MATH 748H, Introduction to Homotopy Theory & Characteristic Classes

Instructor:

Jonathan Rosenberg. You may call me at (301) 405-5166 or (301) 405-5059 or reach me by email at jmr@math.umd.edu. I usually attend the Geometry/Topology Seminar (Mondays 3-4), the Math/Physics joint workshop Tuesday 2-3, the Representation Theory Seminar (Wednesdays 2-3), and the Algebra Seminar (Wednesdays 3-4). My office hours are Mondays and Fridays 1-2 in room 1106 (these may sometimes have to be changed, depending on when various meetings are scheduled).

Meetings:

MWF at 11 in MTH 0102.

Prerequisites:

MATH 730 and 734 or equivalent.

Text:

A Concise Course in Algebraic Topology by J. Peter May, Chicago Lectures in Math., Univ. of Chicago Press, 1999. Also useful are Hatcher's series of books on algebraic topology, which are available on the web.

Quick Summary:

This course will attempt to bridge the gap between what is covered in MATH 734 and the topology one really needs for research in geometry and topology (or even some aspects of analysis).

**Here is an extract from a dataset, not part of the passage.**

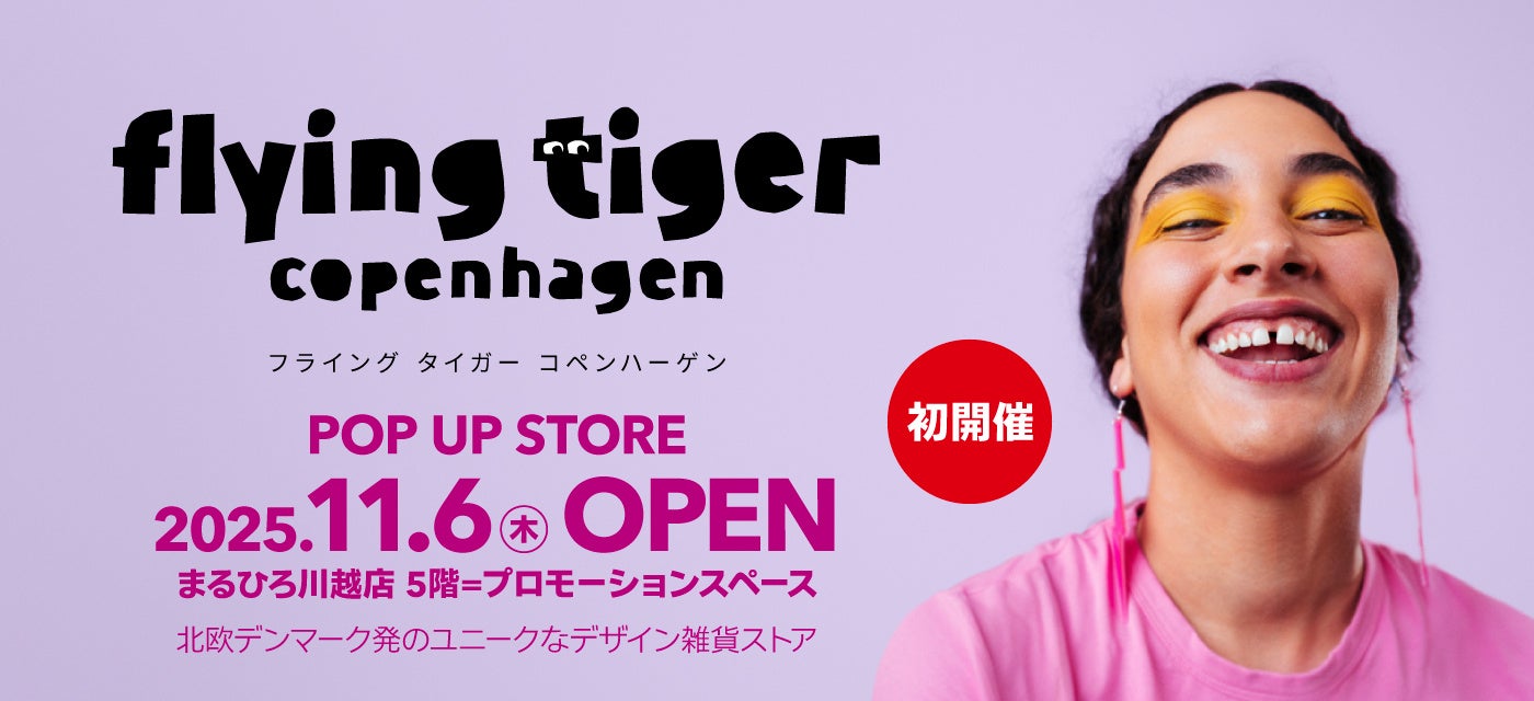 北欧デンマーク・コペンハーゲンで誕生し、ヨーロッパを中心に世界中に店舗を展開するユニークなデザイン雑貨ストア Flying Tiger Copenhagen(運営:Zebra Japan株式会社/本社:東京都渋谷区神宮前/代表取締役:松山恭子)(略称「フライングタイガー」)は、埼玉県川越市の百貨店「まるひろ川越店」の5階=プロモーションスペースにて、期間限定のPOP UP STOREを開催します。

Topics will include: higher homotopy groups, the Hurewicz theorem, fiber bundles and fibrations, methods for computing homotopy and homology groups, vector bundles, and characteristic classes. There will be no exams, but regular problem sets will be assigned.

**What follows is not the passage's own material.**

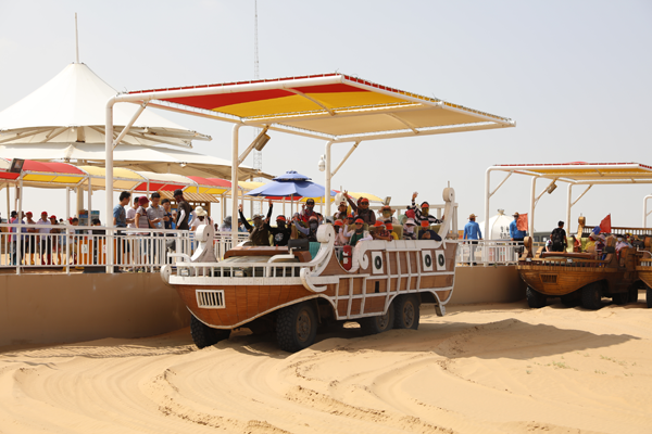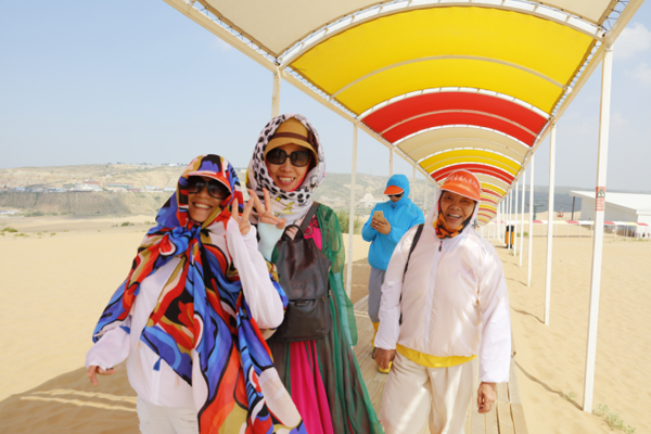 2日上午,大家一同抵達了“世界罕見,中國之最”的銀肯響沙灣,它就像一根掛在黃河上的弦,金黃色的沙坡浩瀚無際,在藍天白云下又好似一條金黃色的臥龍,風(fēng)一吹,沙子如水流動,沙沙作響,像一曲激昂澎湃的交響樂。索道、穿沙襪、沙漠沖浪車、滑沙、騎駱駝、高空滑索......妙趣橫生,大家玩得流連忘返!

Schedule (will be updated as the semester progresses):

Week	Topic	Reading Assignment	Notes
9/2-9/6	Introduction, language, foundations	M, § 2.1-2.6, Ch. 5	Classes start on Wednesday.
9/9-9/13	Cofibrations and fibrations	M, Ch. 6-7	See homework assignment 1, due 9/18.
9/16-9/20	Homotopy groups and exact sequences	M, Ch. 8-9	Monday is Yom Kippur. See homework assignment 2, due 9/25.
9/23-9/27	Homotopy groups and exact sequences (cont'd)	M, Ch. 8-9	See homework assignment 3, due 10/2. You may download a solution of problem 1 here.
9/30-10/4	CW complexes and Whitehead's Theorem	M, Ch. 10-11; H-AT, § 4.1, pp. 346-360	See homework assignment 4, due 10/16.
10/7-10/11	The homotopy excision and the Hurewicz theorems	M, Ch. 11 and 15; H-AT, § 4.2, pp. 360-375
10/14-10/18	The homotopy excision and the Hurewicz theorems (cont'd)	M, Ch. 11 and 15, also § 16.1-16.4; H-AT, § 4.2, pp. 360-375	See homework assignment 5, due 10/23.
10/21-10/25	Eilenberg-MacLane spaces and beginnings of obstruction theory	M, § 16.4, 16.5, 18.5; H-AT, § 4.3, pp. 410-419	See homework assignment 6, due 10/30.
10/28-11/1	Postnikov systems, The Serre spectral sequence	M, § 22.4; H-SS	See homework assignment 7, due 11/11.
11/4-11/8	The Serre spectral sequence: more details and applications	H-SS
11/11-11/15	Serre classes and applications	H-SS
11/18-11/22	Vector bundles and classifying spaces	M, § 23.1; H-VB, § 1.1-1.2
11/25-11/29	Vector bundles and classifying spaces (cont'd)		No class November 27 or 29. Happy Thanksgiving!
12/2-12/6	Characteristic classes		See homework assignment 8, due 12/11.
12/9-12/13	Characteristic classes (cont'd)		Last week of classes
Under "Reading Assignment", M denotes May's book; H-AT denotes Hatcher's book "Algebraic Topology"; H-VB denotes Hatcher's book "Vector Bundles and K-Theory"; H-SS denotes Hatcher's book "Spectral Sequences in Algebraic Topology".